There was a brief point in this whole process when I thought making a college decision was going to be easy.

Yep, fourth grade was a pretty solid year.

In that great time of certainty, I was absolutely positive that I would be in Stanford University’s Class of 2015. Back then, I loved everything about Stanford: the rigorous academics, the athletics, the California weather and even the ridiculous tree mascot they have.

Now, fast-forward eight years, and I didn’t even consider applying to Stanford my senior year.

Unfortunately, deciding on a college has become an overwhelmingly long and difficult progression, or lack thereof.

Even worse, it seems that almost everyone I’ve talked to mentions that “aha” moment where they just knew what college was right for them. Rather than give their thought process or provide advice on how they decided, most people say, “I just knew.”

Great.

I have 16 days left to make a decision, and, despite nine college visits, I have never gotten close to such an experience of divine understanding.

I’ve narrowed down my choices to the University of North Carolina-Chapel Hill, Santa Clara University and the University of Missouri, but have been stuck at the proverbial crossroads for weeks now.

I’ve even looked for signs.

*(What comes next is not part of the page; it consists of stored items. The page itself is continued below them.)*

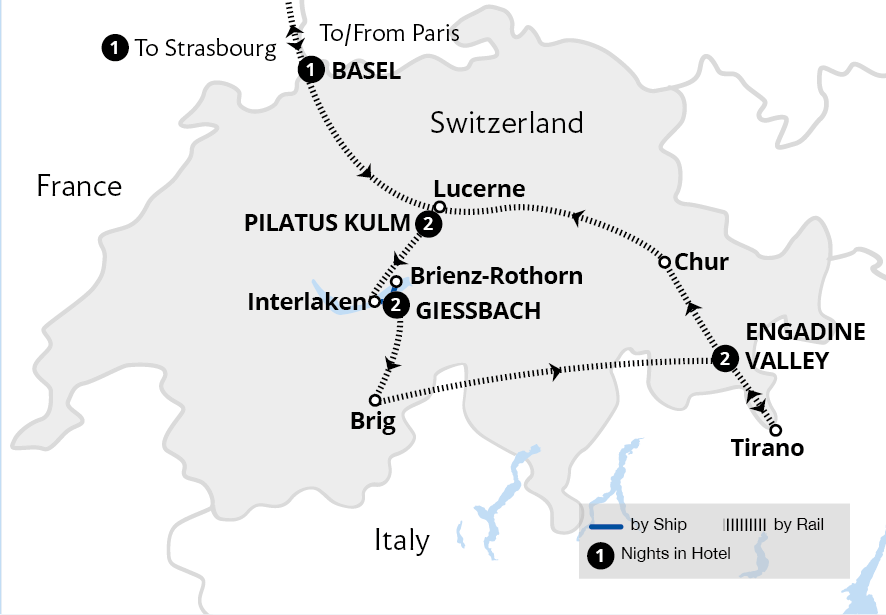 Your memorable Swiss holiday begins at London St Pancras as we board the Eurostar in Plus class. Enjoying a light meal at our seats, we make our way to Paris, then take a direct train to Basel - the quickest route to Switzerland.
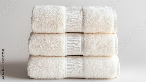 "Three-piece plush bath towel set isolated, featuring a close-up shot of woven terrycloth. Brand new hotel spa cotton towels with a beautiful design, including three 100% cotton ultra-absorbent terry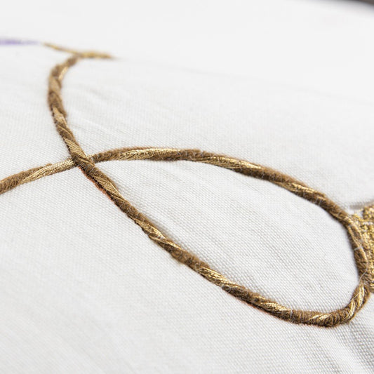 Natural and Golden Metallic Beaded Decorative Throw Pillow
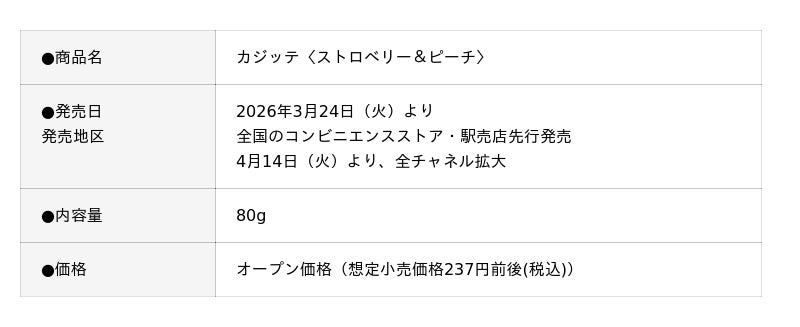 株式会社ロッテ(東京都新宿区、代表取締役社長執行役員:中島英樹、以下ロッテ)は「カジッテ〈ストロベリー&ピーチ〉」を2026年3月24日(火)にコンビニエンスストア・駅売店先行で発売します。「カジッテ」はロッテ独自の「果実感引き立て製法」を用い、ハードグミの新ブランドとして2025年8月に発売しました。ひと口カジった瞬間に、ハードな食感と広がる果実感が楽しめるこだわりの味わいとマーモットを使ったプロモーションによってSNSを中心に話題が広まったことで、出荷実績は計画比の約150%(*)と好調です。仕事中の小腹満たしやリフレッシュしたいときなどに、ぜひお楽しみください。

I always think that maybe I’ll know if I see the Tar Heel’s light blue painted somewhere, or if Katy Perry’s “California Gurls” comes on the radio one more time or maybe if MU sends me a 3,000th piece of mail.

Still, nothing has worked, and I’m beginning to believe that the universe forgot to send me the message I was supposed to receive weeks ago.

After months of filling out applications and being as thorough as possible, I’m in the very position I have been trying to avoid all along.

I have to make a decision with second-guessed gut feelings, no real inclination one way or the other and the next four years of my life in the balance.

In other words, I’m absolutely terrified.

Decisions are the toughest when you don’t know what you want, and, at this point, I have no idea what I want. Everything I thought I was sure of (major, size of school, distance away from Kansas City) is no longer certain.

I’m more lost than Rory McIlroy on Sunday during the Masters.

I went into this whole process thinking that decisions of this magnitude would come to me, but I was wrong. In the next 16 days, I will make the biggest decision of my life, and it will be accompanied by great fear.

But I guess that’s the way things are supposed to be sometimes. Decisions won’t always come easily, and, occasionally, they just have to be made even when you’re not ready to make them.

Still, just once, I wish things would be easy.